Thanks everyone - I might start feeling under pressure to keep up the standard now :shock:
I’ll give anything a go
Here’s Sparky’s diff as it came out a few months ago. I have never had any problems with it, no noises, no clunks, so it’s going to get a clean up, paint, and an oil change then goes back in. Wouldn’t it be more sense for the bleed screw to be at the top?
The calipers however, are now easy to get at and it seems too good an opportunity to miss, so having a new set of seals and braded hoses (if I can find them) I got some advice (from the brake section of this forum) and dived in.
Now there’s a complicated looking thing, how did that get there and how do you tell the time with it?
Took it to bits and cleaned it up. The cylinder was perfect, no scoring and no pitting, so a good clean and a wipe with brake fluid was all it got.
The two arrowed bits are NOT in my manual, so it went back together without them. Then it came apart again, and went back together correctly. Good job I took loads of pics.
It was great fun, greasing up all of the bits the manual told me to, then trying to hold them tight enough to force them back together. A couple of bits tried to make a run for it, but were recaptured and eventually joined their compatriots and went back together.

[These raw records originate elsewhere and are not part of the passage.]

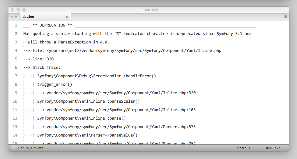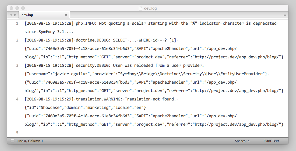 Symfony log files are formatted in the same way for all environments. This means that dev.log is optimized for machines instead of humans. The result is a log file bloated with useless information that makes you less productive.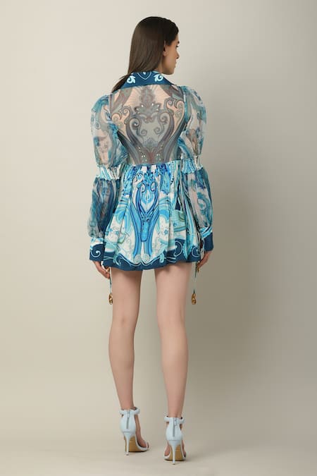 Multicolor dress featuring a notched lapel collar and puffed sleeves. Designed with a paisley print in organza and crepe fabric, it includes a back tassel tie-up and cutwork border.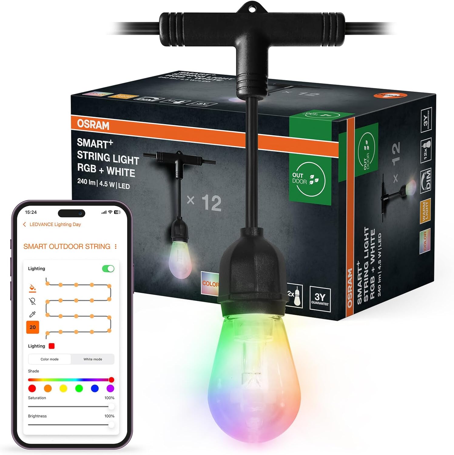 Questo set di luci da esterno unisce atmosfera e controllo smart per terrazze e giardini. La catena OSRAM SMART+ String offre sia luce bianca calda regolabile che illuminazione colorata RGB, perfetta per creare scenari diversi a seconda dell'occasione, e rende più semplice gestire l'illuminazione con la SMART+ App o un assistente vocale. Se cerchi una soluzione per serate all'aperto o decorazioni stagionali, la catena di luci colorate WiFi si propone come scelta pratica e versatile.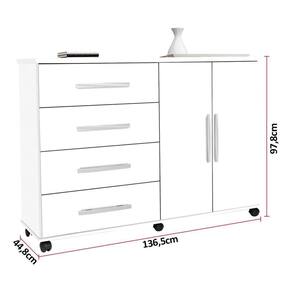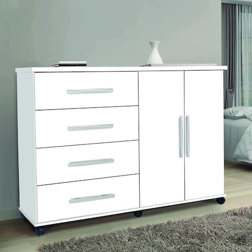 A cômoda sapateira Bali é a peça ideal para quem busca elegância e funcionalidade em um único produto. Com quatro gavetas, todas com corrediças telescópicas e travas na parte de baixo possui um ótimo espaço para organização de roupas e objetos pessoais. A sapateira é ótima para guardar sapatos e outros objetos de uso pessoal. O destaque do design dá um contraste sofisticado ao ambiente. A cômoda Bali é feita em MDP e possui 6 rodízios assim facilitando a locomoção e limpeza e o acabamento interno é da cor do móvel. Acabamento pintura UV texturizada Altura 97 cm Largura 136 cm Profundidade 44 cm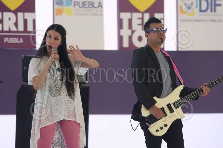 SAN ANDRES CHOLULA, PUEBLA, 03MARZO2011.- El grupo de pop mexicano, Belanova, se presentó en concierto durante la ceremonia de colocación de la primera piedra del CRIT Puebla. FOTO: FRANCISCO GUASCO/CUARTOSCURO.COM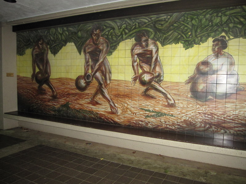 サモア人アーティスト、マタウムの作品 タイル張りミュラル、ハワイ大学スポーツ施設の一部 |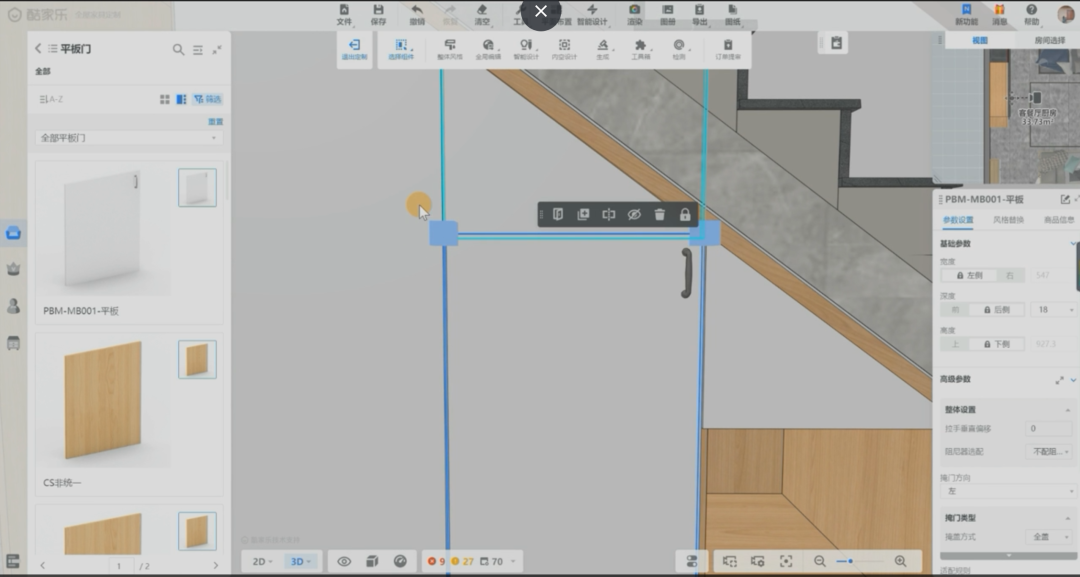 Step1:双击门板把原先的柜体门板删除,根据设计再从组件库-掩门-楼梯门,找到对应方向门板进行摆放并修改尺寸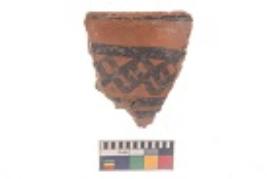 | Description / विवरण | Specimen of black on red ware with black decorative Lattice pattern geometric painting. |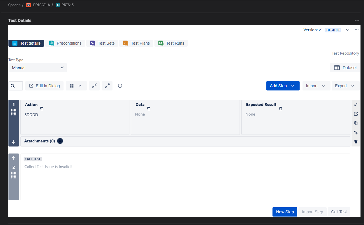 - Add a new Test Step to the migrated Test and confirm it is saved and displayed correctly.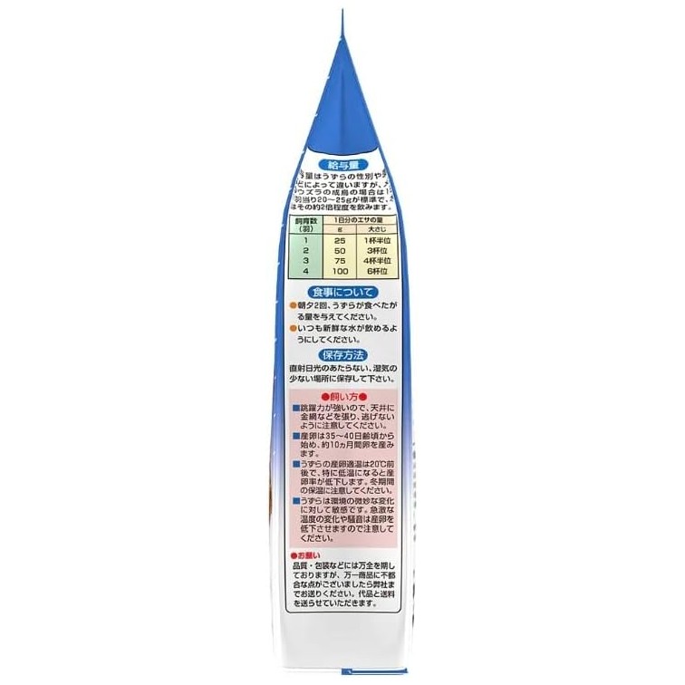 産卵開始後のウズラ用すこやかメニュー。

I moved the handbrake lever around a couple of times and noticed that the pawl clicked nicely and the serrated head moved round one tooth every time.
I haven’t gone over the top with polishing it, but have cleaned the rust off the main caliper and protected it with some high temperature enamel. The cover was left as it was because the yellow passivating coating was intact, but covered in baked on crud.